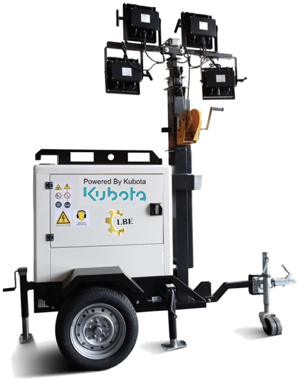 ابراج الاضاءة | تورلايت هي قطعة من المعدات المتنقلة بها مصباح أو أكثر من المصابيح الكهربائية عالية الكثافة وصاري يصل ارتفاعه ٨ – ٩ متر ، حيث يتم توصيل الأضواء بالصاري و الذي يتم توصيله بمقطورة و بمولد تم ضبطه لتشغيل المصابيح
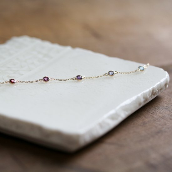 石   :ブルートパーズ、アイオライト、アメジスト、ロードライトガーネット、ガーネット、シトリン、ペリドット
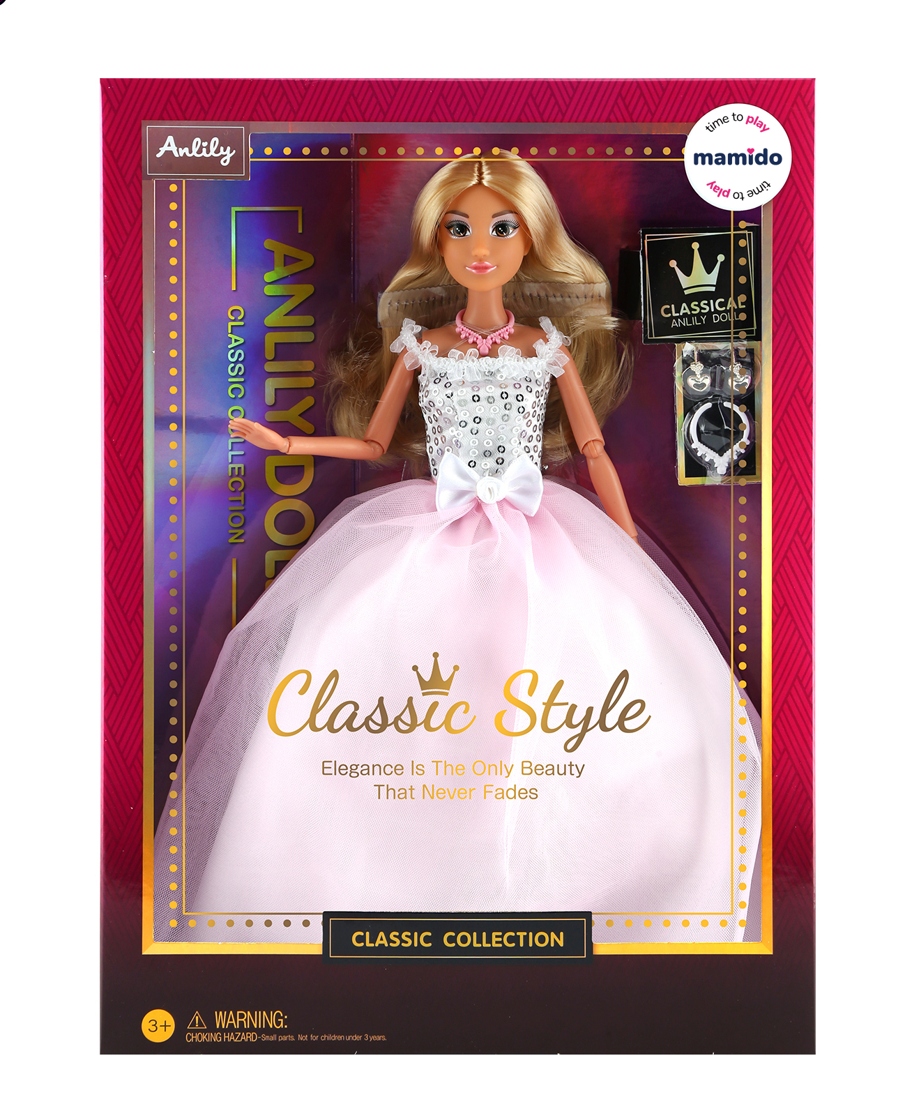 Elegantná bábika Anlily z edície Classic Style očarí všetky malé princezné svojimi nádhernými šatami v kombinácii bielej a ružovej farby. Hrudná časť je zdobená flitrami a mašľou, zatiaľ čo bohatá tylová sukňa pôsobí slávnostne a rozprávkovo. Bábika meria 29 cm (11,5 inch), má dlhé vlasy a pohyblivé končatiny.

● **Work request**
After removing the pictures, restate the whole listing above word for word.

● **Answer area**
 ابراج الاضاءة | تورلايت هي قطعة من المعدات المتنقلة بها مصباح أو أكثر من المصابيح الكهربائية عالية الكثافة وصاري يصل ارتفاعه ٨ – ٩ متر ، حيث يتم توصيل الأضواء بالصاري و الذي يتم توصيله بمقطورة و بمولد تم ضبطه لتشغيل المصابيح
 石   :ブルートパーズ、アイオライト、アメジスト、ロードライトガーネット、ガーネット、シトリン、ペリドット
 Elegantná bábika Anlily z edície Classic Style očarí všetky malé princezné svojimi nádhernými šatami v kombinácii bielej a ružovej farby. Hrudná časť je zdobená flitrami a mašľou, zatiaľ čo bohatá tylová sukňa pôsobí slávnostne a rozprávkovo. Bábika meria 29 cm (11,5 inch), má dlhé vlasy a pohyblivé končatiny.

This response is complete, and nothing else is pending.